No Eclipse gurus out there that can help me out?


----------



## dsw1204 (Mar 23, 2015)

Another attempt.


----------



## mfenske (Feb 7, 2006)

Do you have the manual? As I recall there used to be a way that you could swap the three outputs to two outs and an in or two ins and an out? I don't think the iPod adapter will work I believe those were for the 7000 series.


----------



## dsw1204 (Mar 23, 2015)

No, I do not have the manual. Cannot find one, but I do not own the 5303R, as of yet. 
I want to see if the Ipod adapter will work with it before I purchase it. The IPC-106 Ipod Adapter hooks up to the deck's CD changer port. It works on my CD8051 which is only a couple of generations newer than the 5303R. So, I am hoping it will work on the 5303R.


----------



## dsw1204 (Mar 23, 2015)

How about this: Does anyone know if the 5303R will play CD-R discs?


----------



## mfenske (Feb 7, 2006)

dsw1204 said:


> How about this: Does anyone know if the 5303R will play CD-R discs?


Yes...and no. Mine was sometimes picky with them.


----------



## dsw1204 (Mar 23, 2015)

mfenske said:


> Yes...and no. Mine was sometimes picky with them.


Thanks for that info. Almost all of my music is on CD-Rs (my old eyes need larger lettering on the discs so I can read them thus I burn all my music so I can write large words on the discs). Makes me a little concerned about picking one up.

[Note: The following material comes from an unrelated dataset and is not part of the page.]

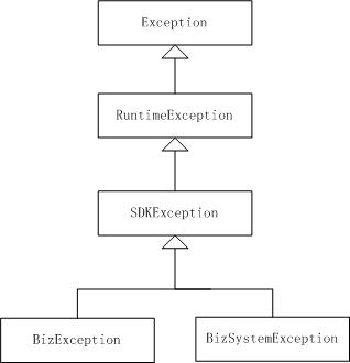 针对这些点,我的想法是开发可以使用三个类:SDKException、BizException、BizSystemException。SDKException是处理的基础类,可以在里面封装一些异常处理的基本函数。BizException是业务逻辑处理异常,一般这类异常是不需要记录log,只是展示给页面显示并提示给用户。如你的用户名、密码为空等错误。BizSystemException是业务系统异常,这类异常一般需要捕捉并记录log,比如数据库的主键冲突、sql语句错误等。按照三层架构的话,我们不可能对每一层都捕捉并且记录log,会造成重复log。可以从DAO层把捕捉到的数据库异常转换为BizSystemException抛出,如果有BizException也抛出。业务逻辑层对于BizSystemException、BizException不处理直接抛出。所有处理都在web层进行集中处理,如果是BizException,根据错误码和错误消息显示给用户对应的页面和错误消息。如果是BizSystemException告知用户系统错误,并把错误结果记入log。如果是其他异常和BizSystemException一致。这样减少了异常处理的复杂度,开发也不用关心什么检查异常,运行时异常。

Another concern is the display during daylight. I've read quite a lot of reviews saying that the display sort of disappears when the sun shines on it, even just a little. How did yours do in the daylight?


----------



## mfenske (Feb 7, 2006)

dsw1204 said:


> Thanks for that info. Almost all of my music is on CD-Rs (my old eyes need larger lettering on the discs so I can read them thus I burn all my music so I can write large words on the discs). Makes me a little concerned about picking one up. Another concern is the display during daylight. I've read quite a lot of reviews saying that the display sort of disappears when the sun shines on it, even just a little. How did yours do in the daylight?


Generally worked pretty well as long as the discs were "finalized". I'm sure the display washed out in the sun-most do.


----------